Husker team explores potential of MXenes for nanotech applications

by Dan Moser | Research and Innovation

November 26, 2024

Alexander Sinitskii (right), professor of chemistry, leads a team exploring the physical properties of MXenes, a fast-growing family of two-dimensional materials with potential for many nanotechnology applications. From left is Md. Ibrahim Kholil and Rashmeet Khurana, both graduate students in chemistry, and Saman Bagheri, postdoctoral research associate in chemistry.
Alexander Sinitskii (right), professor of chemistry, leads a team exploring the physical properties of MXenes, a fast-growing family of two-dimensional materials with potential for many nanotechnology applications. From left is Md. Ibrahim Kholil and Rashmeet Khurana, both graduate students in chemistry, and Saman Bagheri, postdoctoral research associate in chemistry.
Craig Chandler | University Communication and Marketing

A research team led by University of Nebraska–Lincoln materials scientists is exploring the physical properties of MXenes, a fast-growing family of two-dimensional materials with potential for many nanotechnology applications.

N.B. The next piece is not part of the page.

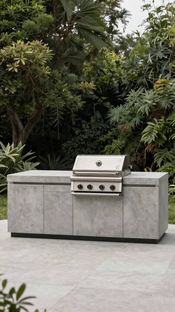 With an integrated grill and prep area featuring clean surfaces, you’ll find limited but functional storage to keep your essentials organized. Using natural materials like concrete and wood creates an organic feel that blends beautifully with nature.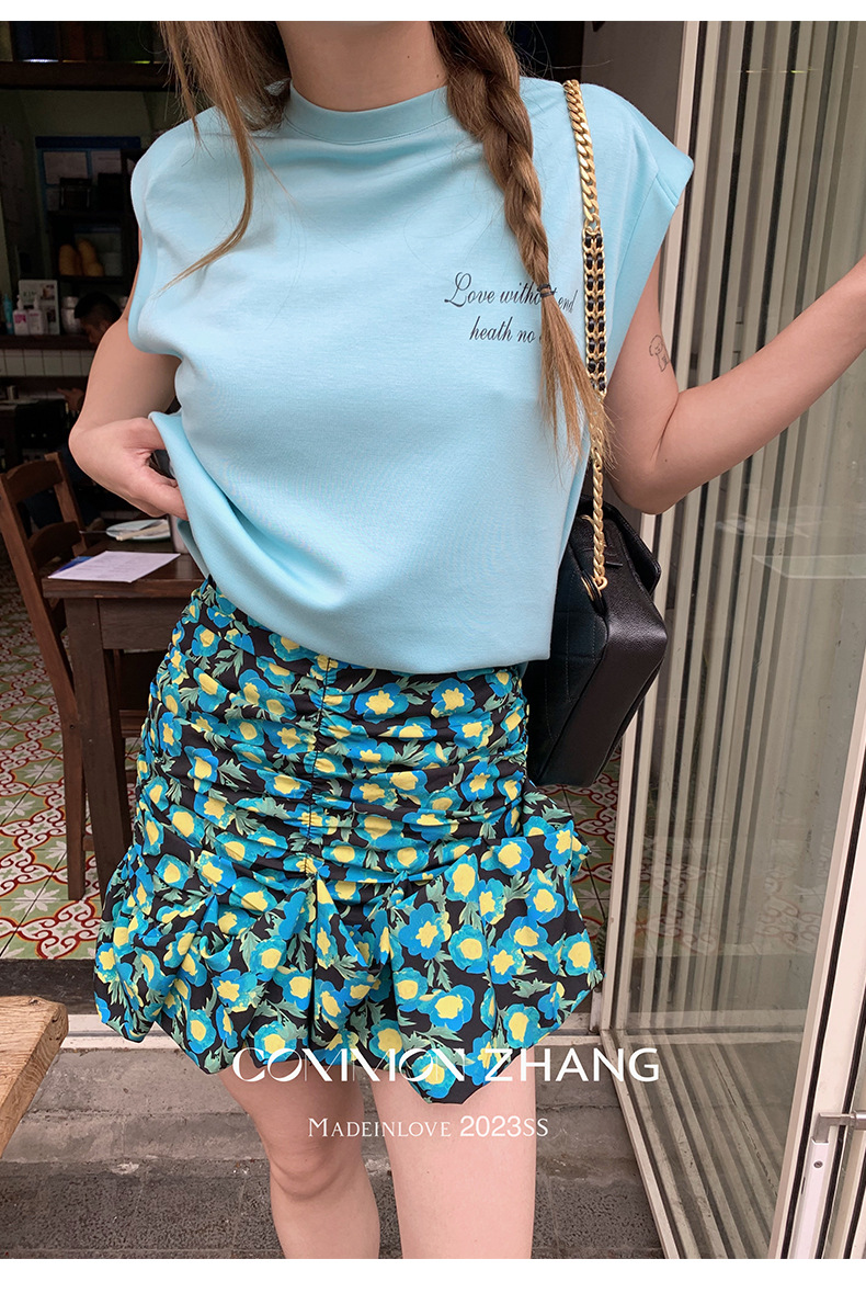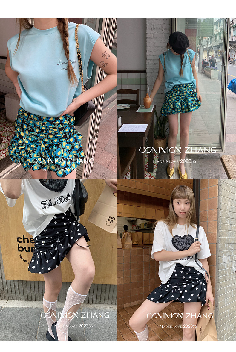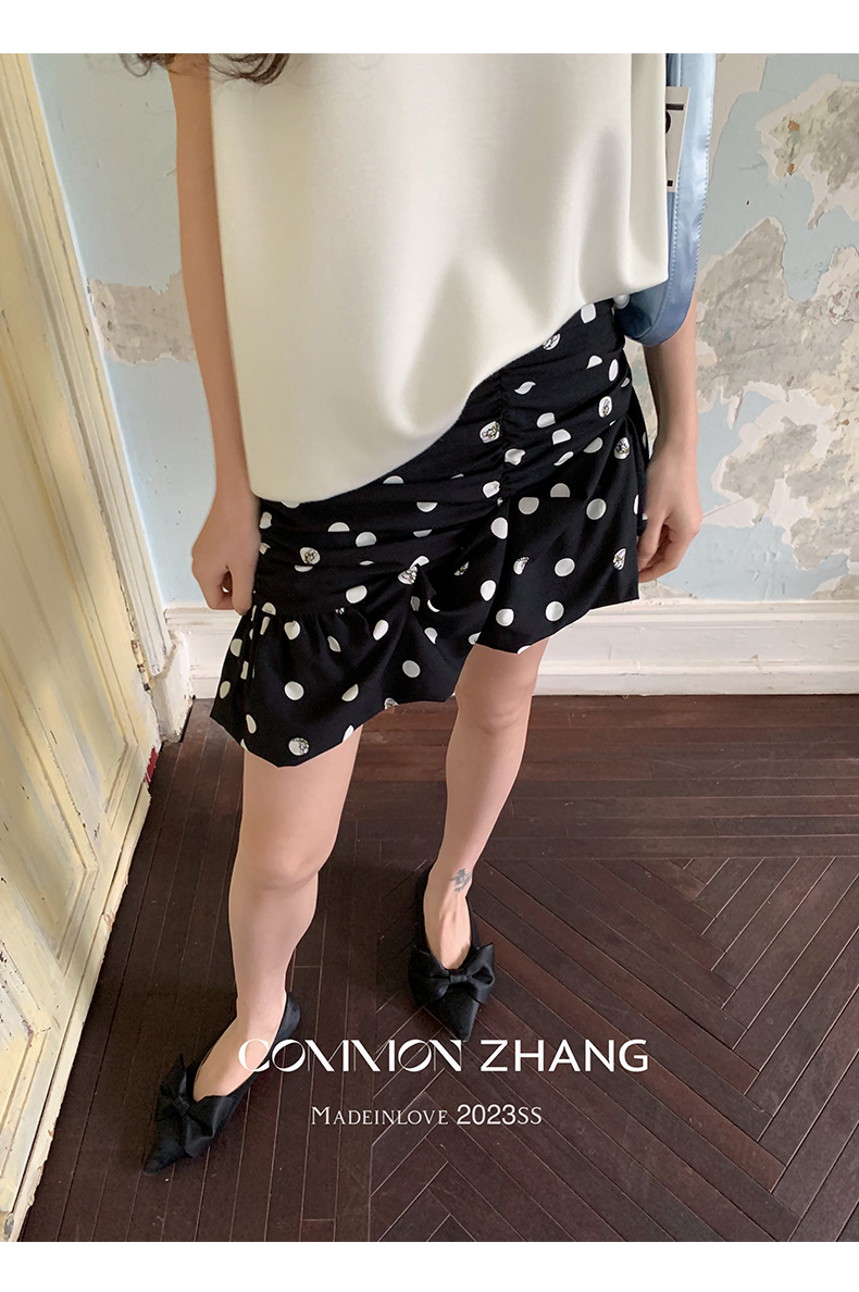 十三行特价清仓【不退换】波点高腰半身裙女褶皱碎花小短裙63582

The team’s work builds on about two decades of research into graphenes, another family of 2D materials with important uses across many domains but which exhibit some shortcomings compared to MXenes (pronounced “maxenes”).

MXenes are made of atomically thin layers of transition metal carbides, nitrides or carbonitrides. They originate in what’s called the MAX phase, whose name describes its signature components: the “M,” a transition metal such as titanium or chromium; an “A” element such as aluminum; and the “X,” representing carbon or nitrogen atoms. The components are packed into a layered structure. To synthesize MXenes, chemists have used acidic solutions to etch away the layers of “A” elements while leaving the other layers intact — a relatively simple, high-yield technique.

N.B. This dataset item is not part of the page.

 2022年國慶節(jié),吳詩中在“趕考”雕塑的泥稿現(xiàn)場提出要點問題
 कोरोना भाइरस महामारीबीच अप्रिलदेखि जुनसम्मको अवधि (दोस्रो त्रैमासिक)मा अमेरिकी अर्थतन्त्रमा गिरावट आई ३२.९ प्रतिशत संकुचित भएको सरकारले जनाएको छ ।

Several dozen MXenes with different combinations of “M” and “X” elements have been synthesized. The Nebraska team has focused on one little-studied version that contains chromium, titanium and carbon atoms, said Alexander Sinitskii, professor of chemistry and lead researcher.

“The field is rapidly growing,” Sinitskii said.

This rendering depicts the arrangement of a two-dimensional nanomaterial featuring three titanium atoms and two carbon atoms. The material is part of the so-called MXene family, which has shown promise in the realms of energy storage and water purification.
This rendering depicts the arrangement of a two-dimensional nanomaterial featuring three titanium atoms and two carbon atoms. The material is part of the so-called MXene family, which has shown promise in the realms of energy storage and water purification. Alexey Lipatov | Advanced Electronic Materials | Wiley-VCH.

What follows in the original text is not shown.